Our response to the COVID-19 pandemic has rightly dominated the work of United Way of Anchorage and its dozens of partners for the last two years. From rent assistance and restaurant and hunger relief to childcare support and outreach into underserved communities for accurate COVID information and vaccine access, United Way has been a leader, partner and supporter in administering tens of millions of dollars in public and private pandemic response.
During this period of great uncertainty, our ability to act quickly has been tested and has revealed the need for new tools, greater flexibility and new partnerships. We continue to be encouraged by the mobilization and resilience of our communities, who rise to the challenges presented by COVID-19 and the ways in which it puts families and our economy at even greater risk.
More broadly, this global pandemic is revealing, with great clarity, the cracks and chasms that far too many in our communities face. It is highlighting the deficits of systems to be responsive to the basic needs of children and families under extraordinary circumstances like a pandemic, earthquake, or recession, and even more so for those who are already most impacted by inequities.
Signs now indicate that the pandemic’s power may be lessening to a manageable threat. The key word in that sentence is “may.” At any rate, we do know that the massive federal COVID relief that has fueled much of our response is history, and many across Alaska are still in need.

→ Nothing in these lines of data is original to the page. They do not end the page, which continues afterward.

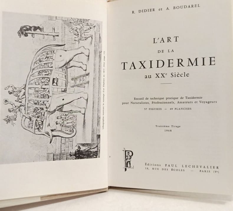Paul Lechevalier Paris 1948 In-8 ( 250 X 160 mm ) de 77-XLIX pages, demi-chagrin rouge, dos à nerfs janséniste. ( Reliure de l'époque ). Introduction par le Dr E.L. Trouessart. Frontispice, 57 figures, 49 planches h.-texte. "Recueil de technique pratique de taxidermie pour naturalistes, professionnels, amateurs et voyageurs".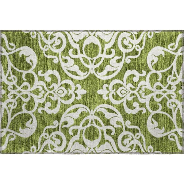 Mayfield Premium Machine Washable Abstract AMF973 Green 1 ft. 8 in. x 2 ft. 6 in. Area Rug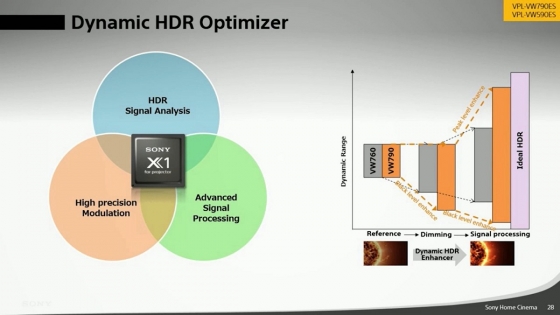 Novità anche per il nuovo modello laser VPL-VW790ES che sostituisce il vecchio VPL-VW760ES. Anche in questo caso le caratteristiche salienti, come il flusso luminoso (sempre 2.000 lumen), il rapporto di contrasto e le parti meccaniche (iris) non cambiano. Oltre all'adizione di una nuova scheda e del DSP "X1 for projectors" per la gestione dinamica dell'HDR, c'è anche una riduzione del 20% del prezzo: il 760 costava 14.990 Euro mentre il 790 costa 11.990 Euro, sempre IVA inclusa Rimane in catalogo il laser VPL-VW870ES, per alcuni aspetti ben inferiore al nuovo 790. Il vecchio 870 ha solo il 10% di lumen in più, un'ottica più grande ma con prestazioni in termini di dettaglio sovrapponibili al 760.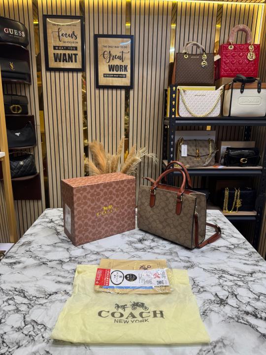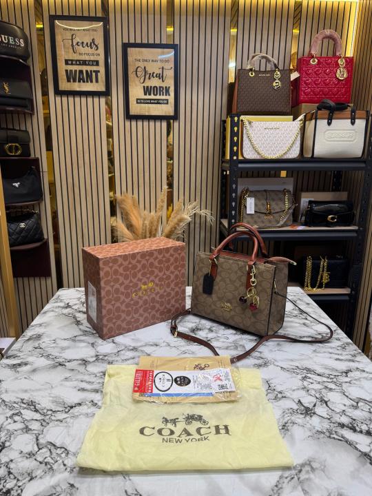 Coac_h Maggie Medium Leather Tote Bag In Blocked Signature Canvas With Box And Dust Bag (Apricot-7933)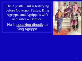 Paul was testifying before King Agrippa about his former life persecuting Christians and his conversion experience on the road to Damascus. He saw a bright light and heard Jesus say "Why do you persecute me?" realizing that in persecuting Christians he was persecuting Jesus. Paul was once a persecutor of Christians but was now a believer in Jesus as the Messiah.

Alaska 2-1-1 reported that while calls for help and referrals dropped in 2021 to less than half the volume of 2020, that number still doubled the number of calls in the pre-pandemic year of 2019. The primary needs, apart from COVID information? Rent and utility assistance, by far. The economy hasn’t fully recovered; thousands in Anchorage still struggle to make ends meet and keep a roof over their heads.
In March, we still had more than 750 people in city shelters. And those figures for homelessness don’t include people living in cars, camps, couch surfing, or otherwise without a stable home. And we’re still facing a chronic shortage in affordable housing.
Add to that the heftiest dose of inflation in more than a generation. If the pandemic is indeed winding down, you could conclude that it means we’ll have the blessing of an uphill climb without masks.
On March 18, I joined Silvia Villamides of Alaska Hospitality Retailers, along with Jason Motyka, co-owner of the 49th State Brewing and Brandi Rathbun, co-owner of Moose a la Mode, at an Anchorage Assembly work session. We spoke of the success of Restaurant and Hunger Relief, the “triple-win” program that helped keep restaurants in business, their workers drawing paychecks and clients of nonprofits, from preschoolers to seniors, fed and healthy with hot meals.
Our pitch was to preserve some version of the program, which had been funded with federal COVID relief money through the municipality and was a hands-down success, with 320,000 meals served, 65 restaurants kept in business and almost 750 workers hired, rehired or maintained who otherwise would have been out of work.
“It was decisive,” Motyka said, adding that the restaurant industry in Anchorage still hasn’t recovered to pre-pandemic levels due to rising costs and wages. And he made a telling point about life post-pandemic, and that’s the shortage of affordable housing in Anchorage, which affects the restaurant industry hard during tourist season, with its influx of seasonal workers who need places to live.
“If we don’t solve the housing problem, we’re not going to be able to grow,” he said, suggesting that the restaurant relief program could include housing money for employees.
How that might work isn’t yet clear, but Motyka’s point about housing illustrates the ongoing, systemic challenges we faced before the pandemic took center stage and commanded most of our attention and resources. As the pandemic wanes we find not that much has changed in terms of those challenges since early 2020 – we’re still working for the health, education and financial stability of everyone in Anchorage.
Except… We’ve learned a lot in the last two-plus years.
We saw that minority members of our community bore more than their share of the economic burden of the pandemic. We recognized that not only the pandemic, but systemic barriers – racism overt or unconscious, language difficulties, ignorance and a baked-in bias that those who didn’t suffer it hardly noticed – imposed that burden. We’ve resolved that those barriers need to come down, for the sake of equity, justice and better lives for all of us.
Stark inequities and divisions may have disheartened us, but we countered with the encouragement of what we accomplished when we pulled together and helped our neighbors with effective initiatives.
Restaurant and Hunger Relief was a prime example. United Way, the municipality, Alaska Hospitality Retailers and dozens of nonprofits joined hands to make the most of pandemic relief money. Restaurant owners got the boost they needed to “weather the storm,” as Brandi Rathbun said. Hundreds of workers kept working. Their work banished hunger at tables graced with restaurant quality dishes. That was plenty. But even more, people in Anchorage who might never have met one another are no longer strangers. The recognition of common need erases bias and strengthens our community.
So, yes, we have the same challenges – education, health, housing, financial stability — we did in early 2020 before the pandemic struck. But with our partners we see those challenges and how to meet them more clearly in April 2022. We’ll have more specifics soon.
Until then, as always, thank you for sustaining the work as donors, volunteers, advocates and partners. As we evolve, our gratitude grows for the care and giving that have been our steady light for more than 60 years.